Records shown =>
==================================================
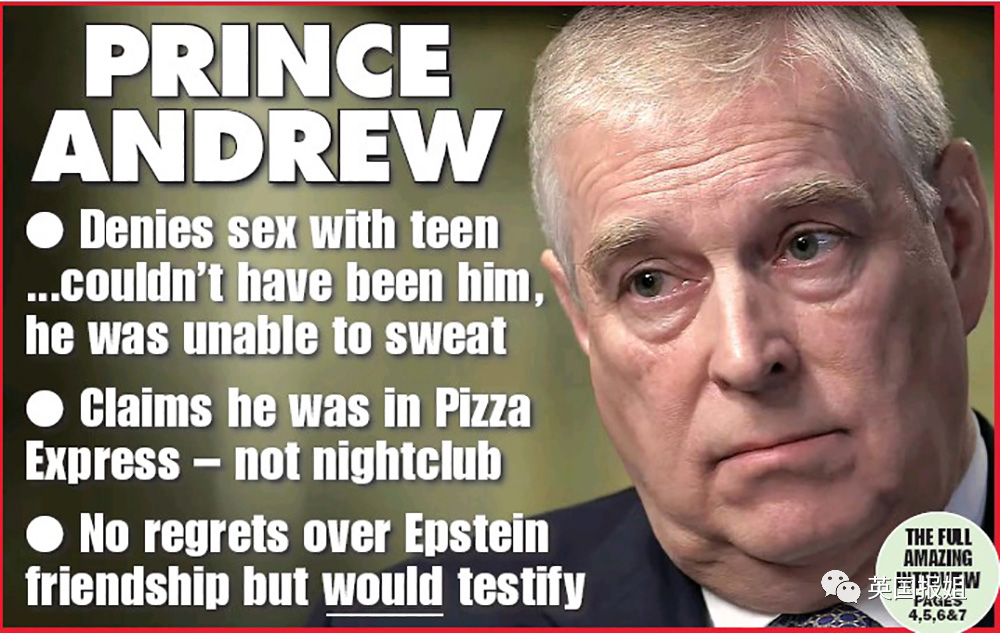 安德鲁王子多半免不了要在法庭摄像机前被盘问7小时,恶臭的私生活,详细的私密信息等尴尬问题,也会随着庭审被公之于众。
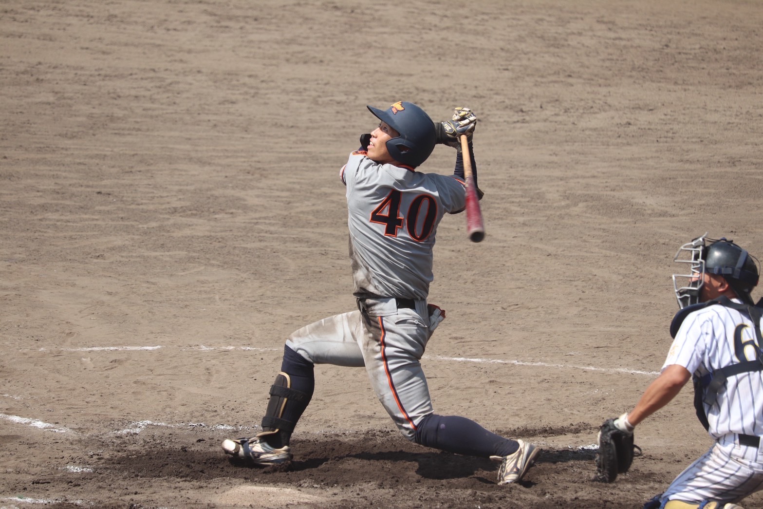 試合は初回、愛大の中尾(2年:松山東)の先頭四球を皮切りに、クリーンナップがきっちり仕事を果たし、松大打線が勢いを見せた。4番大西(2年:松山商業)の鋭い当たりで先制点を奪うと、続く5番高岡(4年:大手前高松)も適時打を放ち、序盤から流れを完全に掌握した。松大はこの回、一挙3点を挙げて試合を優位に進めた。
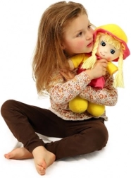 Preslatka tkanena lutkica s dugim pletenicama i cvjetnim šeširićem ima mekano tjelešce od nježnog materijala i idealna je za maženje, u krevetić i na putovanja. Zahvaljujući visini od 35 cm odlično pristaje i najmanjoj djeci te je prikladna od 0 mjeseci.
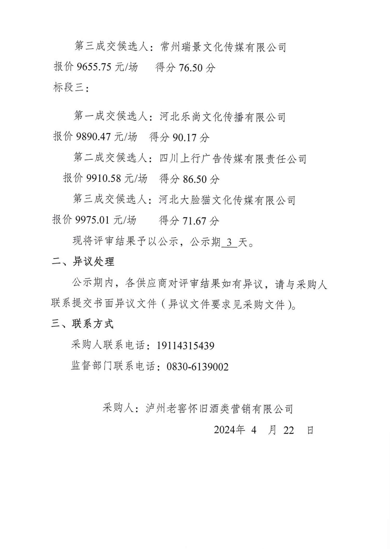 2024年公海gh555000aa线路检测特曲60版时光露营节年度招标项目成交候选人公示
==================================================
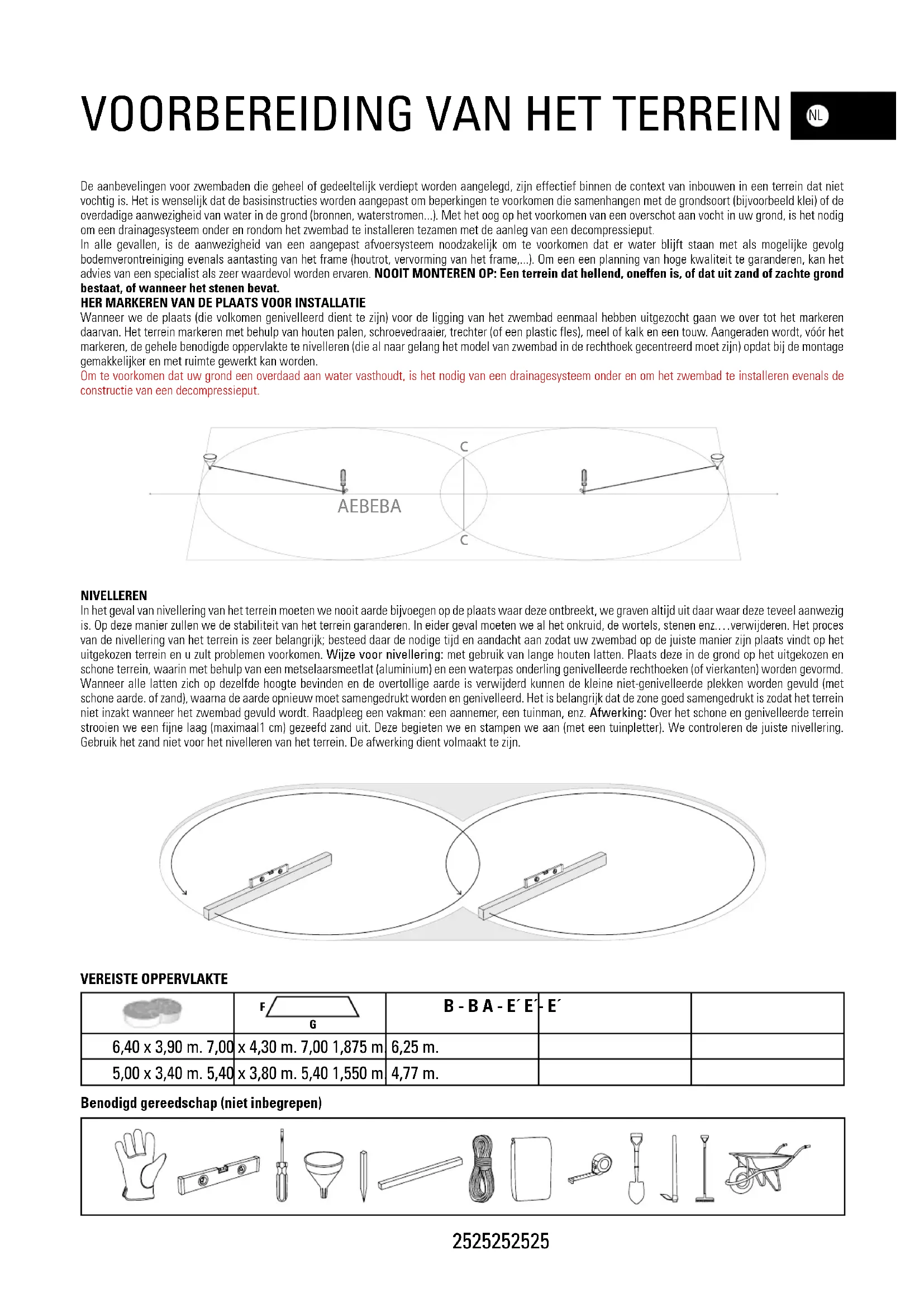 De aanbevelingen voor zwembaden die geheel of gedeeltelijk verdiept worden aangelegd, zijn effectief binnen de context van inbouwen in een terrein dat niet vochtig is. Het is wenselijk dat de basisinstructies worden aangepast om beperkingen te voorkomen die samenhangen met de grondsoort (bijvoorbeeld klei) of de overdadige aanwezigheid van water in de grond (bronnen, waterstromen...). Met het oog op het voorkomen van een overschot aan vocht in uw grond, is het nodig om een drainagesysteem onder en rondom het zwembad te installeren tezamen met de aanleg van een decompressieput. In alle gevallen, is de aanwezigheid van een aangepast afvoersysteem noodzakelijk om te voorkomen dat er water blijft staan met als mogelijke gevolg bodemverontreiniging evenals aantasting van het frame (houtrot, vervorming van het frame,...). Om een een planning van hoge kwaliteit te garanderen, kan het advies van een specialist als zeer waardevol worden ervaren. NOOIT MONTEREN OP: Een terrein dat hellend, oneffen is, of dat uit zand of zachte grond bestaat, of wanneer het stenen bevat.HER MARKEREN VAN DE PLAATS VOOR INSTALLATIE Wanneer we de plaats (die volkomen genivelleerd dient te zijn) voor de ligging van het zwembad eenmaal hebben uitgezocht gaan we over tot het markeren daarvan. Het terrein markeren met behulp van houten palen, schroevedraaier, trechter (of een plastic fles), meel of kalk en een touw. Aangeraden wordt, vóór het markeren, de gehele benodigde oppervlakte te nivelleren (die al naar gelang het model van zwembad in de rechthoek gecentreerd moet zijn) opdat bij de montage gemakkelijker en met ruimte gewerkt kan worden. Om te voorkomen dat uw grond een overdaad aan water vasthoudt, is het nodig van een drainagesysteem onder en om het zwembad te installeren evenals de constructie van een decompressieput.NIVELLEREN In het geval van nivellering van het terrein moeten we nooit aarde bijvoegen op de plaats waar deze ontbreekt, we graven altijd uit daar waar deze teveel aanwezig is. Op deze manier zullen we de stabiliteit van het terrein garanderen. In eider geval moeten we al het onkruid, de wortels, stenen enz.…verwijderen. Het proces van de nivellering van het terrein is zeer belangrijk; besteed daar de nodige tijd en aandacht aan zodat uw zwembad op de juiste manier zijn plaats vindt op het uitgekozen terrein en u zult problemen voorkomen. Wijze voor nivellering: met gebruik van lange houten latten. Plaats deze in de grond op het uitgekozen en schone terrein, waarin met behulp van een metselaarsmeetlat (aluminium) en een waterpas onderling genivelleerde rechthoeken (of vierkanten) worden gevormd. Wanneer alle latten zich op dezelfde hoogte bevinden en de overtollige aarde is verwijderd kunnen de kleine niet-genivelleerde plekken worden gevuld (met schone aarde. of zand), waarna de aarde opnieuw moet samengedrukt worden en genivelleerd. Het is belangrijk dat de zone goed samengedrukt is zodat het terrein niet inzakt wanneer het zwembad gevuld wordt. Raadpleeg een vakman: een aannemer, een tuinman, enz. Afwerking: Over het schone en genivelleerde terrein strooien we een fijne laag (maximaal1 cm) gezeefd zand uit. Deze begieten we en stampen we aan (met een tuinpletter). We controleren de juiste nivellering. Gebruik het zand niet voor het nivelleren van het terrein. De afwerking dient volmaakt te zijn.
==================================================
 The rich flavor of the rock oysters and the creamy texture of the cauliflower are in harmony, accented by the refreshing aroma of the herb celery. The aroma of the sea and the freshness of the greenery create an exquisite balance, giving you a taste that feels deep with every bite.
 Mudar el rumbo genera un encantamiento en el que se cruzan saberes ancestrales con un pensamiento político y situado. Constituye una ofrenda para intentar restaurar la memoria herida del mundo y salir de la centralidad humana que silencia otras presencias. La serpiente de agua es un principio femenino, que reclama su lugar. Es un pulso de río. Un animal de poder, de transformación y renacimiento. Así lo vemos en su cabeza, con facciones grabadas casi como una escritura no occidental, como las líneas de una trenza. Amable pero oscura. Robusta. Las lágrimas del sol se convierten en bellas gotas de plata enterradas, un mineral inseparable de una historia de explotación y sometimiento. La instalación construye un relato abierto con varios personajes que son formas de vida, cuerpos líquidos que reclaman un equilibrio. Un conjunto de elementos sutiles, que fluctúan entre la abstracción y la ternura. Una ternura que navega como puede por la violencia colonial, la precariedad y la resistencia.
==================================================
Problem to solve => Would you transcribe the lines above exactly, going from the line bearing "安德鲁王子多半免不了要在法庭" through the line bearing "試合は初回、愛大の中尾(2年", and drop the pictures from the copy?

Answer space =>
 安德鲁王子多半免不了要在法庭摄像机前被盘问7小时,恶臭的私生活,详细的私密信息等尴尬问题,也会随着庭审被公之于众。
 試合は初回、愛大の中尾(2年:松山東)の先頭四球を皮切りに、クリーンナップがきっちり仕事を果たし、松大打線が勢いを見せた。4番大西(2年:松山商業)の鋭い当たりで先制点を奪うと、続く5番高岡(4年:大手前高松)も適時打を放ち、序盤から流れを完全に掌握した。松大はこの回、一挙3点を挙げて試合を優位に進めた。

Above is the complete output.